I prefer being the aggressor in this hand and representing a strong hand from preflop through the turn, even though we're just on a draw. I love the flop raise because it does just that, and would prefer continuing representing a very strong hand. In that sense, it sort of doesn't matter what the odds are, nor what your hand is, because Hero's saying he's perfectly happy to get to a showdown (i.e., Hero's repping AQ, KQ, overpair, etc.) - and you're hoping to take the pot without a showdown.
The other extreme would be to flat preflop and flat the flop and evaluate the odds of hitting the fd on the turn. On a passive table, or in a passive hand, it's fine and correct to evaluate the odds and whether to call based on odds. A strong Villain or two, though, makes this line really difficult to execute effectively more than once or twice, because they'll start making it too expensive to draw on such hands whether they have a hand or not - i.e., once they figure out that specific players or the table generally is drawing a lot, they'll start giving poor odds to call.

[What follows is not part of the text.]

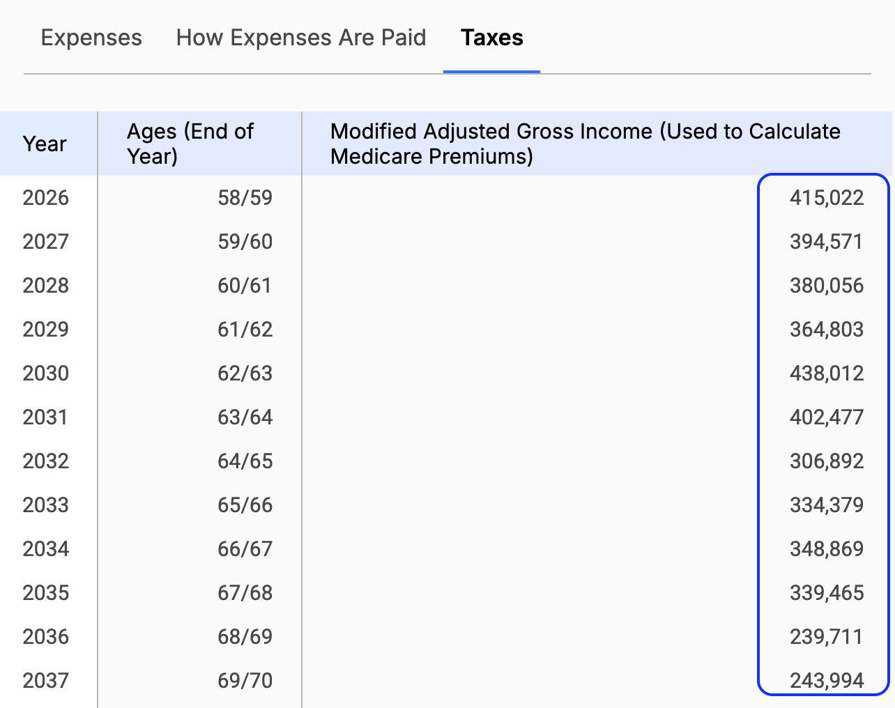 WealthTrace Planning Tip: Use scenario planning to model large financial events (like Roth conversions or asset sales) before executing them. Seeing the projected IRMAA impact two years ahead can help you spread income across years and avoid unnecessary premium increases.

My leak I was referring to is when I start getting into that more passive mode - I'll hit a draw or two in passive mode, then I start making marginal calls that scream to anyone paying attention that I'm drawing, and I get exploited badly by smart Villains. I'm trying to force myself into the aggressive mode as much as possible. From a pot odds standpoint, a turn bet doesn't make any sense. From an aggression standpoint, not betting the turn (IMO) doesn't make any sense.
One side note - it's unlikely Villain will pay you off to a river bet once the flush hits if you play a relatively passive line, it's obvious Hero hit his draw. For the aggressive line, though, it's not clear that you were drawing at all - so you're more likely to get paid by a river bet.
For pot commitment - I was thinking if the play had run with a pf raise of $.20, and a flop bet of around $.40, you'd have 1/3 of your stack in before the turn. If I'm willing to put 1/3 of my stack in at the flop, I ought to be willing to put my entire stack in if Villain forces the pace - and I'm looking to make a turn bet of around $.80 to $1, which means I may as well put your whole stack in because there isn't enough left to protect or to make a good river bet. So, if I look at my hand and the playing situation and think I don't want to be playing my stack here, I shouldn't have 1/3 of my stack in before the turn, because that effectively commits me to playing my stack.